§ **THE TASK**: Among the entries below, which lines run from the line with "전환하는 방식이라고 한다." through the line with "Terço Santa Irmã"? Retype those, both ends included, exactly and without pictures.
-- RECORD EXCERPTS follows --
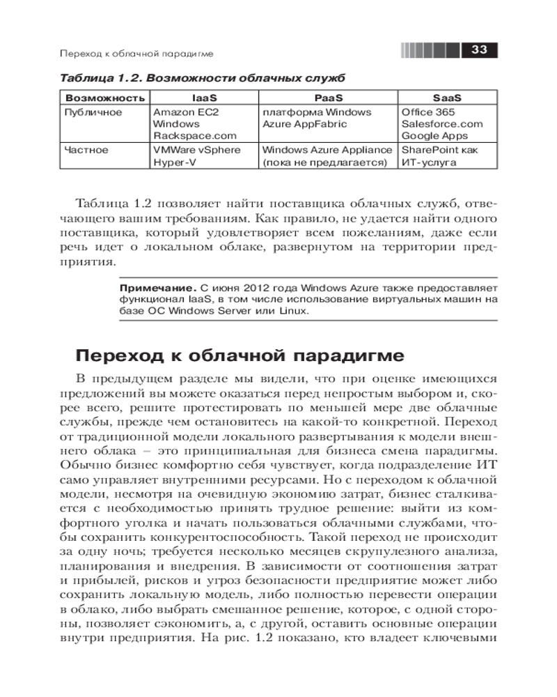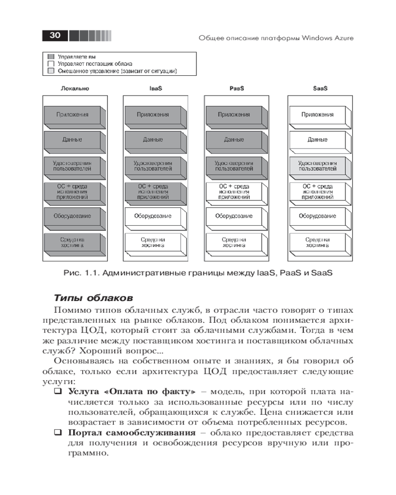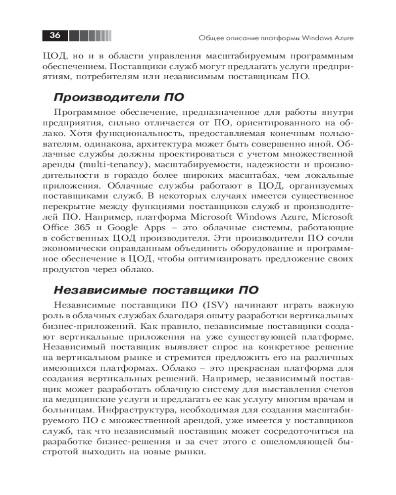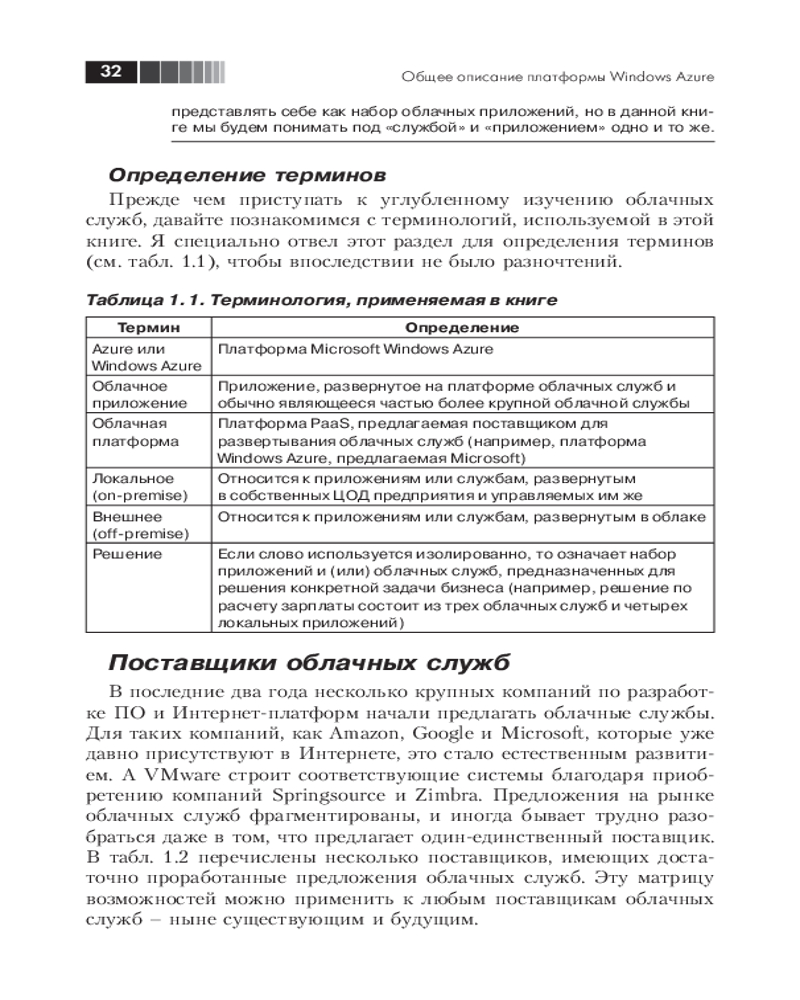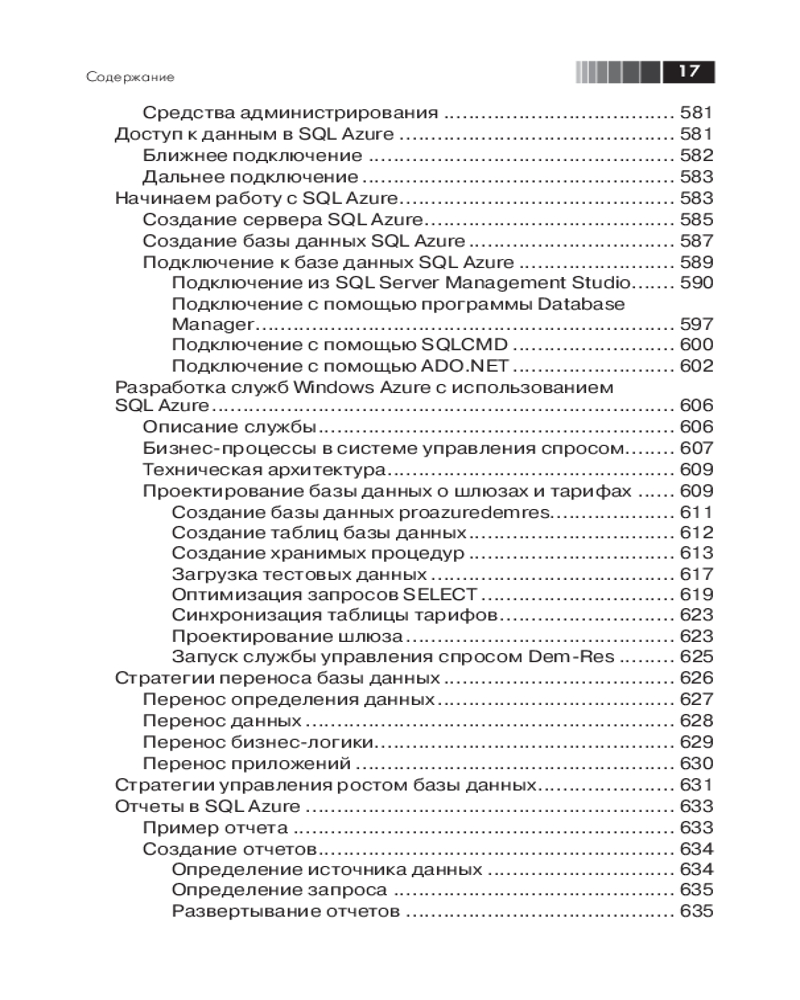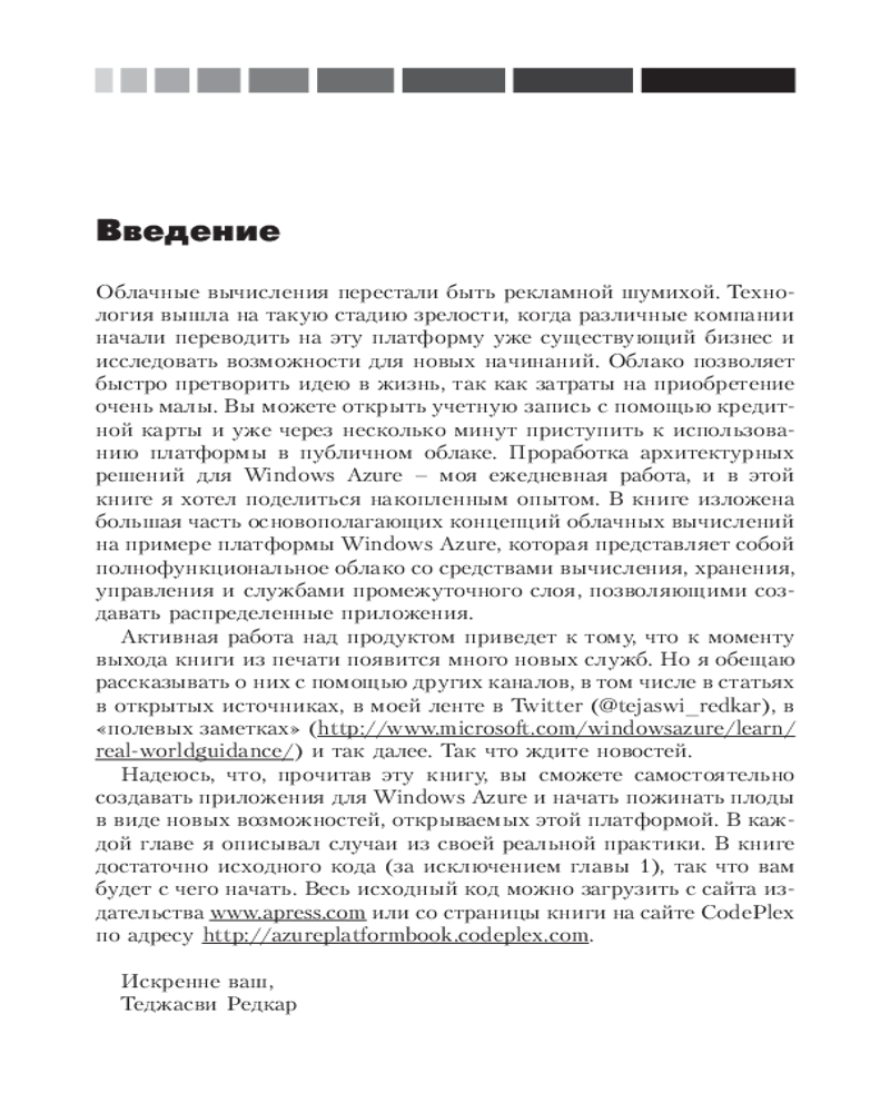 Платформа состоит из трех основных частей: собственно Windows Azure, Windows Azure AppFabric и SQL Azure. В этой книге на конкретных примерах показано, как использовать различные компоненты, по отдельности или вместе. Демонстрируются рекомендованные приемы интеграции этих технологий с существующими системами.
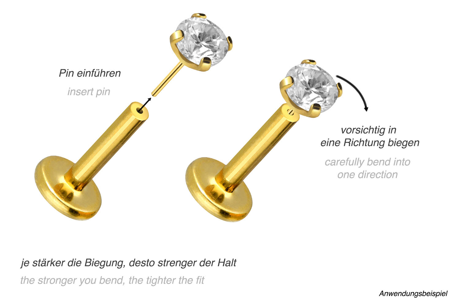 Durch die verwendete Push Fit Technologie kann das Labret nach Belieben mit all unseren Aufsätzen mit Push Pin kombiniert werden.
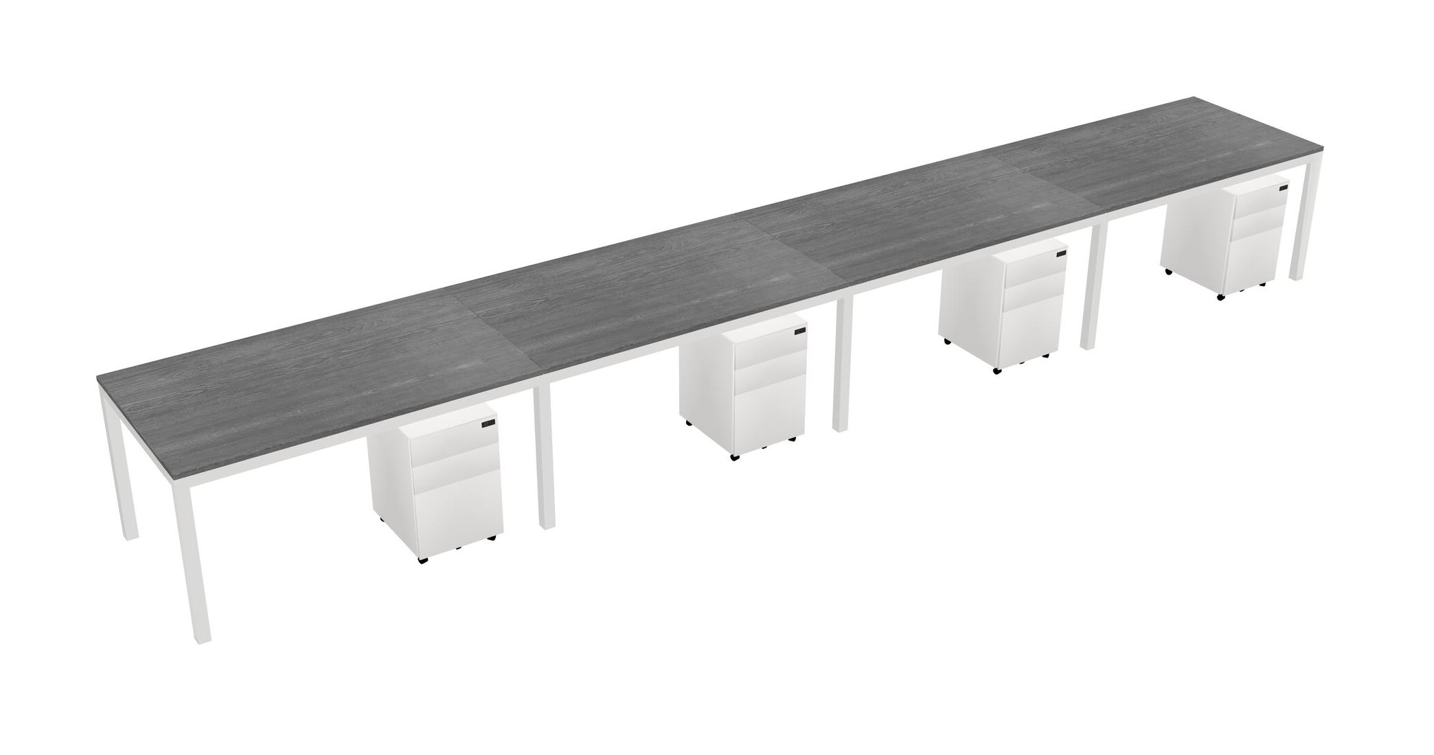 Grey Rectangular Office Desk With Metal Mobile Drawers For 4 Persons
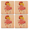 Candy, ΣΕΤ x4 Σουβέρ ξύλινα τετράγωνα plywood (9cm)
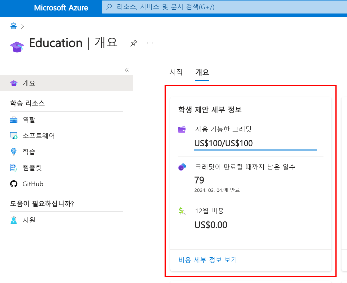 $100 양의 크레딧을 주고, 가입할때에 카드정보를 등록할 필요가 없다고 한다. 보통 다른 퍼블릭 클라우드 서비스들 가입할때에는 카드정보를 입력받지만, Azure for Students는 가입 당시 등록하지 않고 크레딧을 다쓰거나 기간이 끝나면 그때 카드정보를 등록해 종량제로 전환하는 방식이라고 한다.
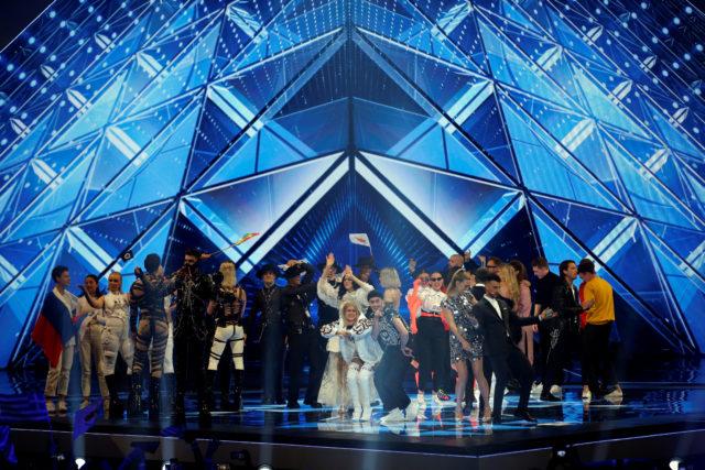Performers from countries that qualified to the final of the 2019 Eurovision Song Contest gather on stage at the end of the first semi final session in Tel Aviv, Israel May 15, 2019. REUTERS/Ronen Zvulun
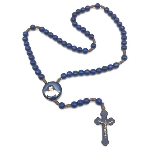 Terço Santa Irmã Dulce dos Pobres Madeira Azul 8 mm
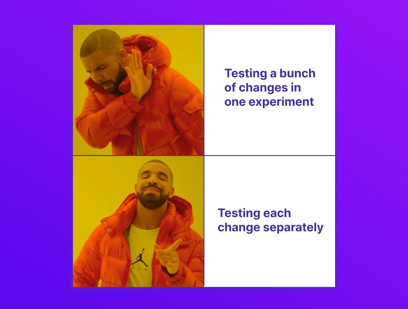 Test one thing at a time in order to learn and understand what changes cause what effect in an experiment.Let’s say you want to optimize your sign-up flow. Users drop off at each of the 5 steps, limiting the number of users joining your product. You look at each step, do some usability testing, and design new variants to avoid roadblocks in the old designs. You could run a test comparing the current experience to your new flow and measure how many more users get all the way to completion. But then you’d lose a great opportunity to learn why your changes helped.If you tested each new step separately (either running experiments one after another, or in parallel at the same time), you could see how much each individual change helped. Perhaps your changes helped for 3 steps but hurt for 2—you still ended up ahead, but if you’d tested each change separately, you could have seen even more gains by only shipping the changes that worked.One of the changes might have had surprising benefits or problems that can be applied to other parts of the product. Isolating specifically what works and what doesn't is key to scaling the impact of experiments beyond the immediate test.
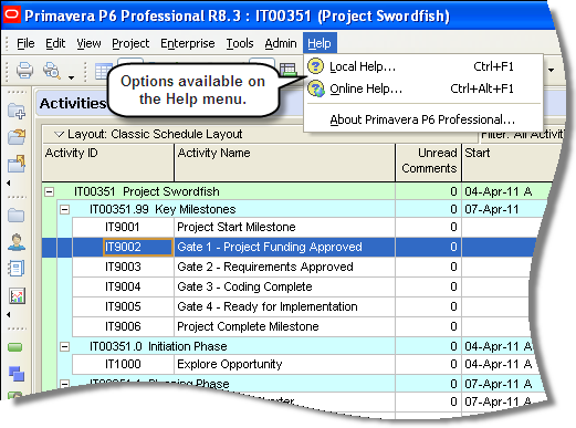 Choose Local Help to have the Help menu behave the same as Contents does in P6 Professional R8.2 and earlier. The HTML Help files are installed locally when P6 Professional is installed. Click Local Help to launch the local file. By default, the installation location is \\Oracle\Primavera P6\P6 Professional\Help.
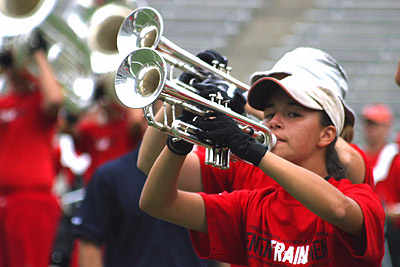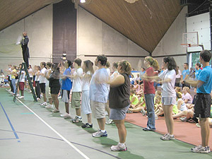 After dinner, the corps prepared for the final clinic of the day – a full-blown ENTERTRAINMENT clinic with all of the FJM Clinic attendees – and a few fans mixed in, too! Members switched from red shirts into full uniform, but as the clouds appeared more and more ominous, they opted to move the clinic indoors. It couldn’t have been a neater setting for a clinic! When the GLASSMEN broke into sections for the technique part of the clinic, it was like a three-ring circus, where you could run around and catch whatever group caught your fancy! The echoes in the fieldhouse were definitely overpowered by the brilliant brass and percussion features – with flying colors from the guard to boot.
-- RECORD EXCERPTS concluded --
§ **WRITTEN SOLUTION**:
 $100 양의 크레딧을 주고, 가입할때에 카드정보를 등록할 필요가 없다고 한다. 보통 다른 퍼블릭 클라우드 서비스들 가입할때에는 카드정보를 입력받지만, Azure for Students는 가입 당시 등록하지 않고 크레딧을 다쓰거나 기간이 끝나면 그때 카드정보를 등록해 종량제로 전환하는 방식이라고 한다.
Performers from countries that qualified to the final of the 2019 Eurovision Song Contest gather on stage at the end of the first semi final session in Tel Aviv, Israel May 15, 2019. REUTERS/Ronen Zvulun
 Terço Santa Irmã Dulce dos Pobres Madeira Azul 8 mm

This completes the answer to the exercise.